To popularise bluetooth and hasten its market acceptance, the consortium has decided to keep the standards open. Which means software companies will be able to launch new products based on the bluetooth standards. In fact, the real money in the bluetooth business will lie in tapping the electronic devices market. Companies that can embed the Bluetooth devices are likely to be the biggest beneficiaries in the immediate future. Whether it is large companies like Hughes Software Systems (HSS) or start-ups like Bangalore-based Impulsesoft, they are looking at capturing the market that enables the technology.

HSS, for example, is concentrating on enabling the software underlying the technology. It has already developed the Bluetooth stack that is designed in such a manner that it is free of the hardware or the operating software. Says Sood of HSS: "We are approaching companies that manufacture the chips and sell licence the software for being embedded in the chip." The devices into which these chips are placed become "intelligent".

The approach of Impulsesoft is no different.

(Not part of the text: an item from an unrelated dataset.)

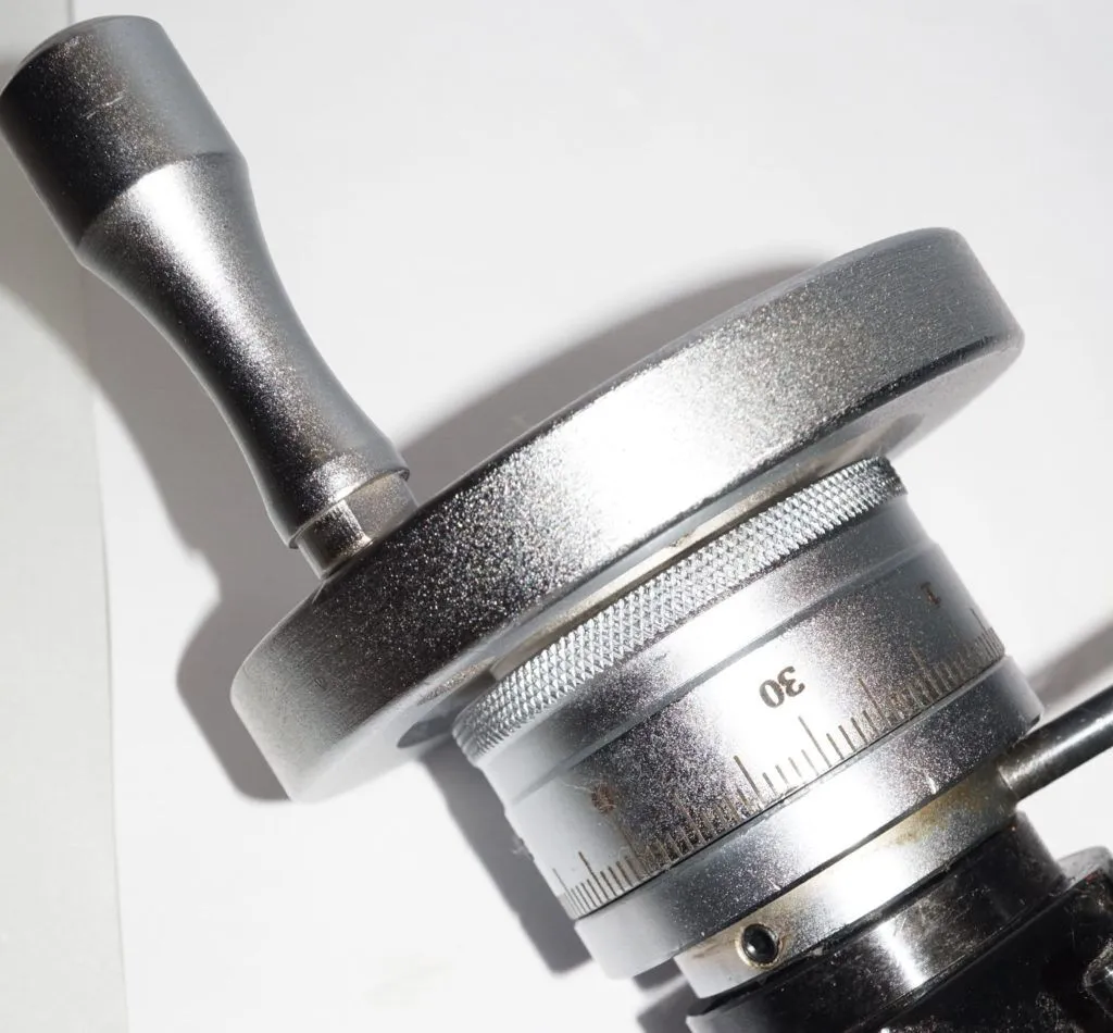 The worm gear ratio is 90:1 i.e. one revolution of the hand wheel = 4′ of rotation of the table and the vernier scale is calibrated to 10 sec.

It has identified real time operating systems (RTOS), personal digital assistants (PDAs), and OEMs as the areas that it would focus to build applications around. Already, its first product, a PC-based solution is scheduled to roll out in Europe during Christmas this year. Says Bikash Chowdhury, Strategic Marketing Manager, Impulsesoft: "The Indian market is still not ready for Bluetooth. (However,) Impulsesoft is looking at consumer appliances market as one of the potential area for showcasing its technology."

The devices may be slow in coming. But they sure will be worth waiting for. Doubt it? Take the three-in-one phone, for example. At home, your phone will work like a cordless phone using the land line. When you are moving, it will switch itself to the mobile mode (you'll pay whatever the airtime rate is). But if your standing across the street from your friend and can't yell, use the phone. Only this time, there will be no call charge, because the two phones will work like walkie-talkies.

Bet, the Viking King had no clue what his name could do.